Caption: Scene as Viewed by Person with Retinitis Pigmentosa
In December 2017, news broke to great fanfare that the FDA had approved the first ever gene therapy for a genetic disease. Luxturna (voretigene neparvovec-rzyl) had been proven to restore vision in people living with inherited retinal diseases. Stories about children seeing their parents’ faces for the first time and adults putting away their white canes forever were widely circulated. As a vision rehabilitation specialist, I’ve been approached by clients who ask how they too can become pioneers in the nascent field of gene therapy. It was time to look into Spark Therapeutics Inc., the company behind the research, development, and manufacturing of Luxturna, to get some answers. Dr. Paulo Falabella, M.D., Medical Affairs Ophthalmic Lead at Spark Therapeutics, helped me understand the science behind the revolutionary treatment.
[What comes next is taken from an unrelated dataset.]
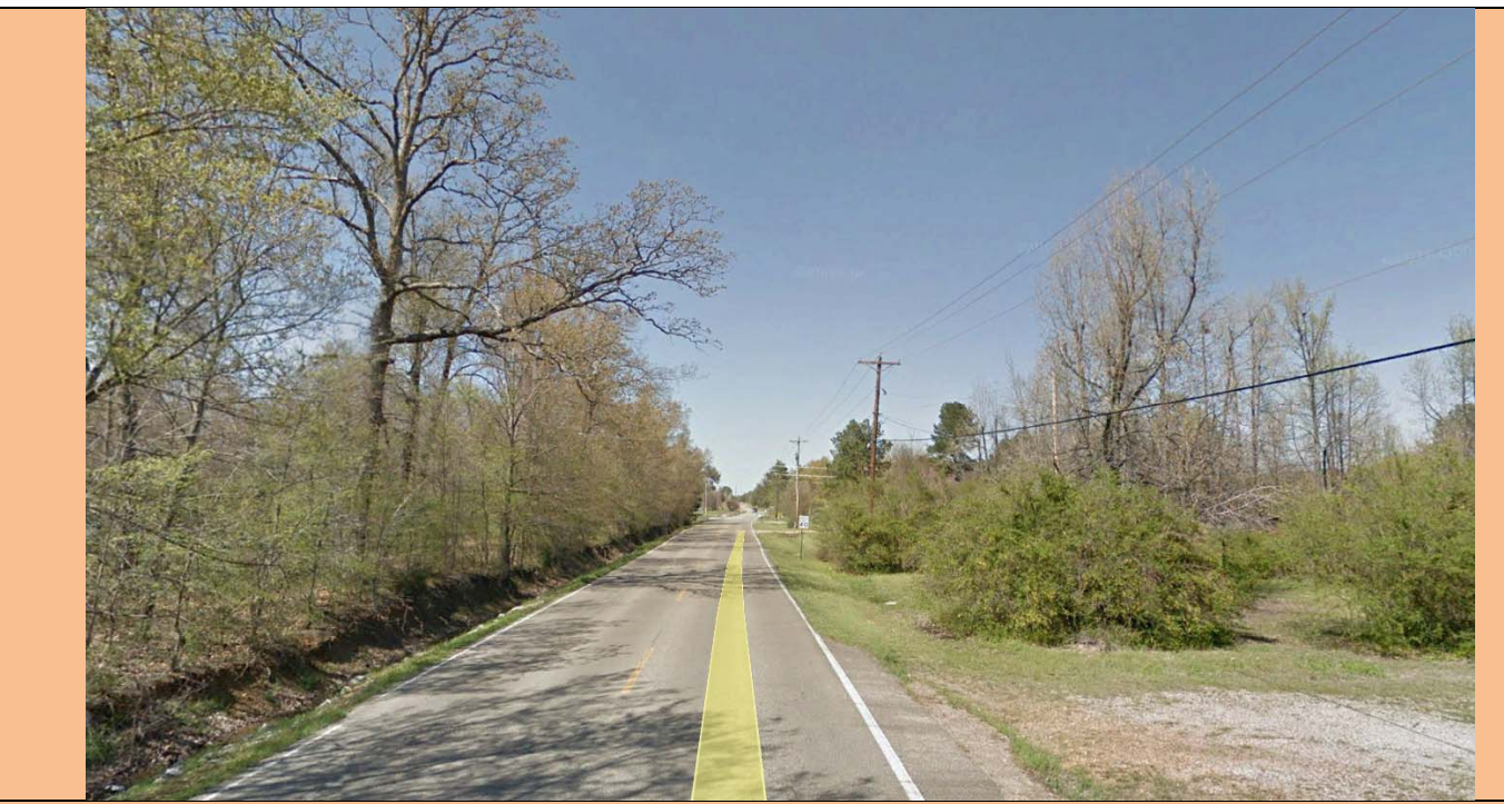
View looking North

I also spoke to members of the Spark Therapeutics Generation Patient Services support team about the process and the cost. For those anxious to receive treatment today, my findings may disappoint. But I can say with confidence that there are many more therapies on the horizon, and Luxturna heralds a new era for those who have lost vision to inherited retinal diseases.
Will Luxturna Work for My Particular Form of Inherited Retinal Disease?
Quite honestly, the chances are slim. As of this post, only patients with Leber congenital amaurosis (LCA) and about 4 percent of people diagnosed with retinitis pigmentosa will qualify. Over 250 genetic mutations cause eye conditions that share the hallmarks of night blindness and field loss, but this treatment is tailored to just one specific gene—RPE65. Roughly, 1,000 to 2,000 people out of an estimated 10 million in the United States can trace their inherited retinal disease to an RPE65 gene mutation. The pool of candidates is whittled down even further as physicians must determine whether each patient has enough viable retinal cells to benefit from the therapy.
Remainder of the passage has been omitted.